Liao Bo, Peng Ting, Chen Haowen, Lin Yaping
College of Information science and Engineering, Hunan University, Changsha, Hunan, 410082, China.
Protein Pept Lett. 2013 Oct;20(10):1079-87. doi: 10.2174/09298665113209990002.
Knowledge of structural classes is applied in numerous important predictive tasks that address structural and functional features of proteins, although the prediction accuracy of the protein structural classes is not high. In this study, 45 different features were rationally designed to model the differences between protein structural classes, among which, 30 of them reflect the combined protein sequence information.
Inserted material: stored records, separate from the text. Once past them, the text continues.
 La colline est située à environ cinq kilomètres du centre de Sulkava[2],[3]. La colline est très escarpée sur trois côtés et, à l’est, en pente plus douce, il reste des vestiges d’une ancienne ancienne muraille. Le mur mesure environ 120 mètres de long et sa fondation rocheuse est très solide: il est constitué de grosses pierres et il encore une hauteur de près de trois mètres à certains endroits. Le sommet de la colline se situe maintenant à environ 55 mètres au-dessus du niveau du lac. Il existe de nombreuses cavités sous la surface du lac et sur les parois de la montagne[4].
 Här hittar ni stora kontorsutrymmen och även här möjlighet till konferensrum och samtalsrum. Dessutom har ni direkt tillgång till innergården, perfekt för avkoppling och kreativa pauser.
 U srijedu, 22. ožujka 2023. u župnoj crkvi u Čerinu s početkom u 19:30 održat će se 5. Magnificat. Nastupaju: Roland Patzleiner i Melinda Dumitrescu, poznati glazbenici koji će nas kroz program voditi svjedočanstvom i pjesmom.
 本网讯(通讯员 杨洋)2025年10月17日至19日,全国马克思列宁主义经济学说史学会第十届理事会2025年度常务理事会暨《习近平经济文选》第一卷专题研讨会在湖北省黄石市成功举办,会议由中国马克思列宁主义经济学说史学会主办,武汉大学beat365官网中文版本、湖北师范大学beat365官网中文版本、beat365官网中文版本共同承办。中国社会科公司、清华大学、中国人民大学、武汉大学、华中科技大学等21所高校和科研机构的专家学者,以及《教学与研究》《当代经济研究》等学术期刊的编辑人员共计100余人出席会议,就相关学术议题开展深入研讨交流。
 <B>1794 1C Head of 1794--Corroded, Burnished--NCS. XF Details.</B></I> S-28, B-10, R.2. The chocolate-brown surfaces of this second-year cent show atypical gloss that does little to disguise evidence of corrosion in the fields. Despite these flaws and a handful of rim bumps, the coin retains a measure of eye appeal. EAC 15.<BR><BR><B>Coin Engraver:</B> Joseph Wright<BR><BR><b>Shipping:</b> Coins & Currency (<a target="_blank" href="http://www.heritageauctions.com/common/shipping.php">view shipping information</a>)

In terms of correlation function, the protein sequence can be converted to a digital signal sequence, from which we can generate 20 discrete Fourier spectrum numbers. According to the segments of amino with different characteristics occurring in protein sequences, the frequencies of the 10 kinds of segments of amino acid (motifs) in protein are calculated. Other features include the secondary structural information :10 features were proposed to model the strong adjacent correlations in the secondary structural elements and capture the long-range spatial interactions between secondary structures, other 5 features were designed to differentiate α/β from α+β classes , which is a major problem of the existing algorithm. The methods were proposed based on a large set of low-identity sequences for which secondary structure is predicted from their sequence (based on PSI-PRED). By means of this method, the overall prediction accuracy of four benchmark datasets were all improved. Especially for the dataset FC699, 25PDB and D1189 which are 1.26%, 1% and 0.85% higher than the best previous method respectively.
尽管蛋白质结构类别的预测准确性不高,但结构类别的知识仍应用于许多重要的预测任务中,这些任务涉及蛋白质的结构和功能特征。在本研究中,合理设计了45种不同的特征来模拟蛋白质结构类别之间的差异,其中30种反映了蛋白质序列的组合信息。就相关函数而言,蛋白质序列可以转换为数字信号序列,从中我们可以生成20个离散傅里叶频谱数。根据蛋白质序列中出现的具有不同特征的氨基酸片段,计算蛋白质中10种氨基酸片段(基序)的频率。其他特征包括二级结构信息:提出了10个特征来模拟二级结构元件中的强相邻相关性,并捕捉二级结构之间的远程空间相互作用,另外5个特征旨在区分α/β类和α+β类,这是现有算法的一个主要问题。这些方法是基于大量低同源性序列提出的,其二级结构是根据它们的序列预测的(基于PSI-PRED)。通过这种方法,四个基准数据集的总体预测准确性均得到了提高。特别是对于数据集FC699、25PDB和D1189,分别比之前最好的方法高出1.26%、1%和0.85%。